Meningitis is the (swelling) of the protective membranes covering the brain and spinal cord known as the meninges. This inflammation is usually caused by an infection of the fluid surrounding the brain and spinal cord. Meningitis is usually caused by bacteria or viruses.
The current outbreak in the country is caused by Type C strain, which is rare and different from the the type B strain. Past vaccination against Meningitis will NOT guarantee protection against this strain as the vaccines commonly available in Nigeria are against the type B strain.
Meningitis spreads through close personal contact such as coughing, sneezing, and kissing. Contact with throat secretions from an infected person (for example, phlegm or saliva).
Sharing personal belongings.
Poor personal hygiene.
Note that previous contact with someone who was diagnosed with meningitis increases the chances of getting infected.
MAJOR SYMPTOMS TO LOOK OUT FOR
Symptoms can come on very quickly or gradually over a few days. It can kill within 24 hours so you need to be very observant and watch out for the following symptoms:
- A very strong aversion for light. The person always looks away from bright light and prefers dark rooms.
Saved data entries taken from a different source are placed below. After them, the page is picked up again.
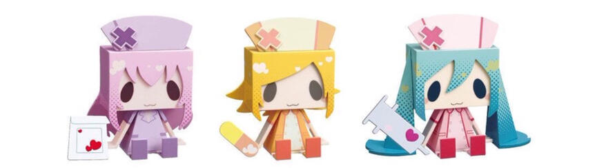 | mikus: love ward, m@gical cure love shot, LOL, magical mirai 2013, marukunaru, nyanko and any nurse/cat/halloween themed mikus. others: kagamine len, megurine luka, pinkie pie, clawdeen & draculaura, charmmy kitty, my melody+ more! |
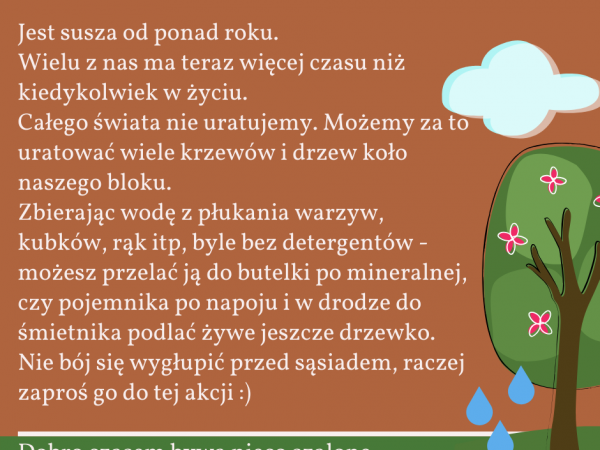Chociaż obecnie wszyscy jesteśmy skoncentrowani na zagrożeniu związanym z pandemią COVID-19, to jednak musimy zwrócić uwagę na inną bardzo trudną sytuację, jaką jest grożąca nam w tym roku susza. Już teraz naukowcy ostrzegają, że tegoroczna susza może być największą od 100...
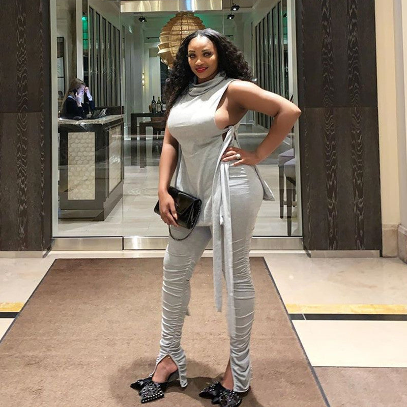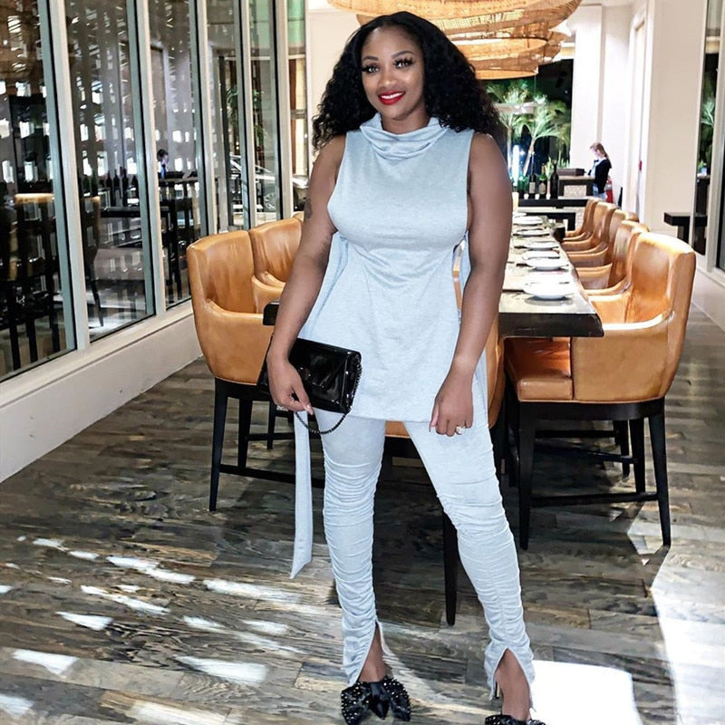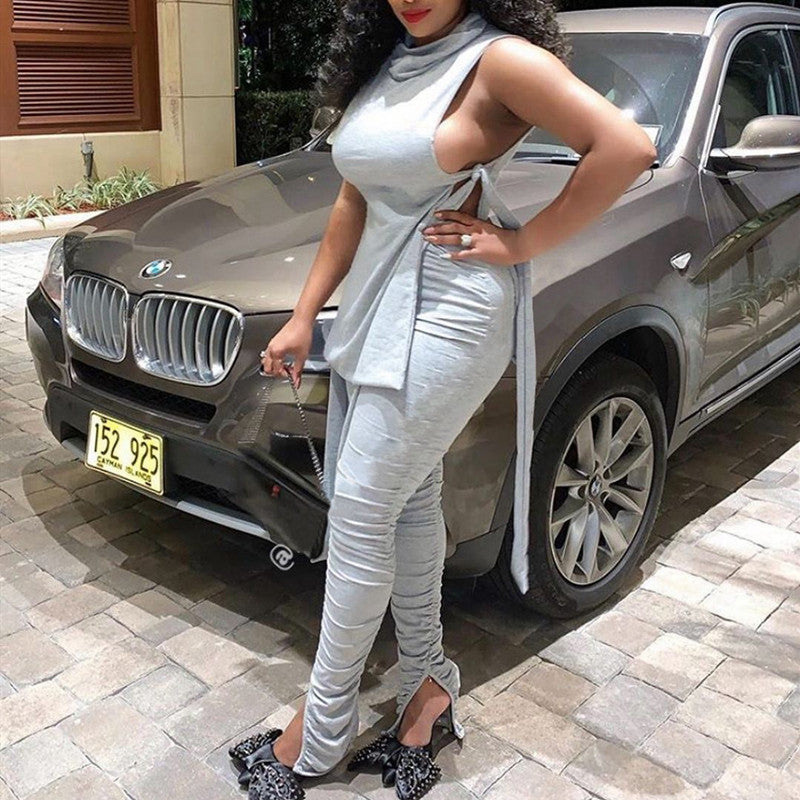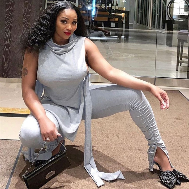 ANJAMANOR Lace Up Bodycon Bandage Sexy 2 Piece Set Women Two Piece Ruched Pants Outfits Clubwear Matching Sets 2020 D64-AF97
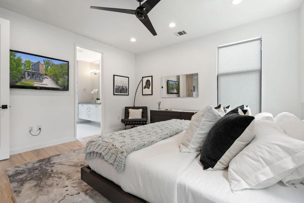 Contemporary and elegant home in the heart of Travis Heights! This 3-bedroom, 2.5-bath gem boasts a rooftop deck and dedicated parking for two. Experience an airy ambiance with abundant natural light, fine wood floors, artisan tilework, and chic Brizo fixtures. Savor culinary delights in the spacious kitchen equipped with premium Viking appliances. Located just minutes from Downtown and a stroll away from SoCo and Big Stacy Park. Proximity to St. Edward's, scenic lakes and trails, Zilker Park, and more enhances this home's allure. A must-see property!

- Neck stiffness and pain that makes it difficult to touch your chin to your chest as such moving the neck causes severe pains.
- Others include: Seizures, Sleepiness, and sluggishness, Nausea and vomiting, Decreased appetite, Confusion and disorientation (acting goofy), Skin rash, as well as Irritability.
WHO IS MOST SUSCEPTIBLE?
- People with low immunity e.g. people with HIV/AIDS, autoimmune disorders, chemotherapy etc
- People sleeping in crowded spaces including children in boarding schools, prisons, etc
- Pregnant women
- Children under the age of 5years old and the elderly
The good news is that this deadly disease can be prevented. The most effective form of prevention is VACCINATION with the MENINGOCOCCAL Vaccine type C. Since this vaccine is currently not abundance, these are other measures that can be taken:
- Avoid prolonged personal contact with people suspected, or confirmed to be infected as well as their body secretions..
- Avoid sharing personal items with people suspected, or confirmed to be infected.
- Get vaccinated if available; Vaccines which can help protect against Meningitis are: Haemophilus Influenzae type B (Hib) vaccine Pneumococcal conjugate vaccine Meningococcal vaccine
- Get adequate rest
- Avoid smoking
- If you have been in contact with a sick person in an affected area, visit your doctor to give you preventive antibiotics to reduce chances of contacting the disease and also carry out further evaluations with these preventive drugs have been recommended by medical experts:
- RIFAMPICIN 600mg TWICE daily for two days.The Tablet Rifampicin is mainly used for treating Tuberculosis, but is globally used for prophylaxis against Meningitis. Being a TB drug, it should be widely available in Nigeria. While the government seeks to generate funds for the meningococcal vaccine, this measure can be lifesaving for contacts of those infected.
- A single dose of 500mg CIPROFLOXACIN
- A single administration of CEFTRIAXONE intramuscularly 125mg for children and 250mg for adults.
If you come down with any of the previously mentioned symptoms, go to the hospital IMMEDIATELY and avoid people touching you unnecessarily.
Once meningitis is strongly suspected or confirmed, please DO NOT STAY AT HOME. Go to a hospital with facilities where you can get an IV line, isolation room, and the required antibiotics for treatment.